Tuesday, April 26, 2016

Grassa | NW Portland

Who's in the mood to carbo-load??

A Hoppy Medium

Grassa - another outpost from the geniuses behind Lardo - just opened a second location right around the corner from us, here in good ol' NW Portland. Our 'hood, as bumping as it might be, was seriously lacking a fast-casual spot with incredible food and decent beer on tap. Thanks to Grassa, that void has been filled.

Now, first things first: Grassa just opened their doors here in NW, so this isn't a review. I just want to share my initial thoughts on this new spot here in my own neighborhood, as I've been anxiously awaiting its opening - and I think it's worth the early visit.

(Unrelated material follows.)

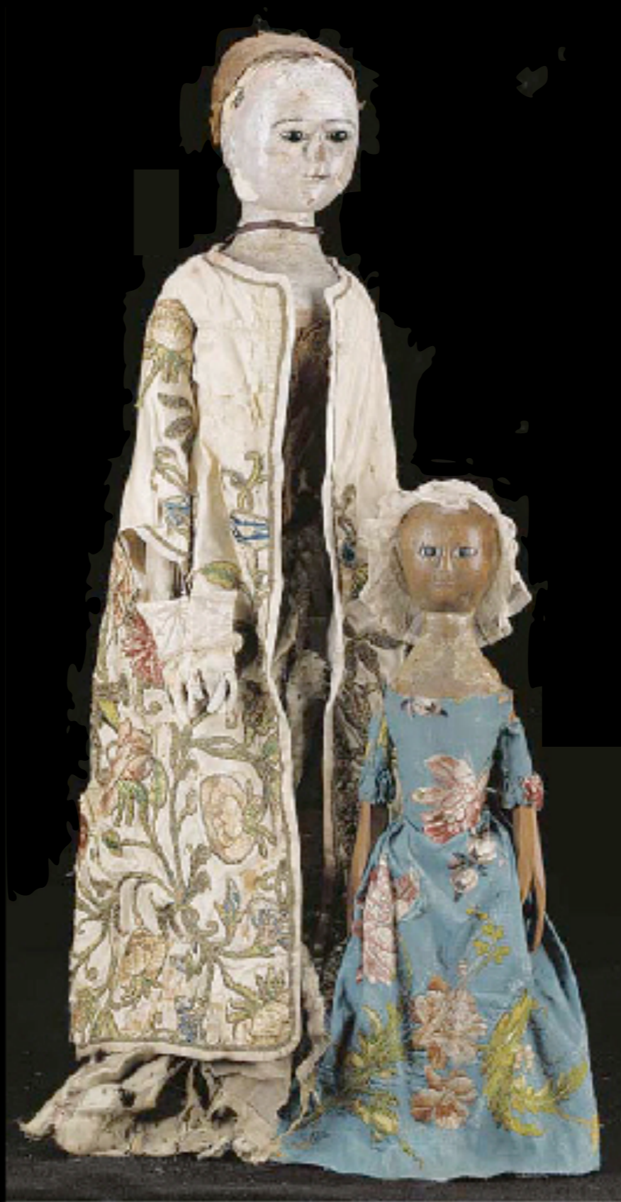
Dolls 18th Century (Christie's Auction House)

The concept behind Grassa, in my own words, is a casual atmosphere (you order at the counter, then seat yourself) with a high quality yet simple menu (simple meaning your options are pasta, mostly, with a few additional appetizers and sides - think salad, garlic bread, cheese plate).

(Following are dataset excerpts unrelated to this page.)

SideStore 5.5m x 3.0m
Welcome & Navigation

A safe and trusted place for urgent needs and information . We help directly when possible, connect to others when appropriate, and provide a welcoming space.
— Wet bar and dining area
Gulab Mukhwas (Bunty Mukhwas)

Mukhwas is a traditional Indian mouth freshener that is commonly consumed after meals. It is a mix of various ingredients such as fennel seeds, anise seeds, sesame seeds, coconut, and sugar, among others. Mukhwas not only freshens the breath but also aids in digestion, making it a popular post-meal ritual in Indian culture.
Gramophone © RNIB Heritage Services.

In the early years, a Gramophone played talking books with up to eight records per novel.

Barley Brown's Hand Truck Pale Ale | A Hoppy Medium

Z and I dined there last Friday night, and we both ordered a Barley Brown's Hand Truck Pale Ale to start. (It's a solid, local pale ale). To start, we also had the surprisingly impressive Cheese Board ($8) served with a generous amount of roasted garlic, grilled bread, oil-cured tomatoes, and the most decadent Cambozola cheese.

Cheese Board at Grassa in NW Portland, OR | A Hoppy Medium

We also opted for the house Garlic Bread ($3), which had odd yet welcome notes of orange zest in each bite. We eagerly heaped the creamy cheese, sweet roasted garlic, etc. on each crusty piece of bread, getting a bit too full too fast - but calories don't count on Fridays, amiright?

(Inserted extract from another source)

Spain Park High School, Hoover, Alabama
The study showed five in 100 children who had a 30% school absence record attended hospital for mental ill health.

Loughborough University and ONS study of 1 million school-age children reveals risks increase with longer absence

For our entrees, we each got one of the two vegetarian pasta dishes on the menu (sadly, Grassa doesn't seem to modify meat dishes for vegetarians - even if the request is simply "no pancetta"). I got the Spaghetti 'Aglio Olio' ($8), tossed with garlic, chile flake,  olive oil, Grana, and breadcrumbs.

Spaghetti Aglio Olio at Grassa in NW Portland, OR | A Hoppy Medium

Z got the Cacio e Pepe ($9), made with truffle butter, sea salt, cracked black pepper, and Grana.

Cacio e Pepe at Grassa in NW Portland, OR | A Hoppy Medium

While both dishes were quite simple, the flavors were spot-on, and the pasta texture was perfectly toothsome. For the prices, the serving sizes were quite huge - we both went home with half of our dishes as leftovers (the bread and cheese beforehand may have helped with that, though).

I'm definitely excited to make a return visit to this new Grassa location, despite how dangerous its proximity to me will be for my waistline.

Have you checked out the new Grassa yet? 


3 comments:

  1. these pastas look incredible. so fun to have this new spot in your hood!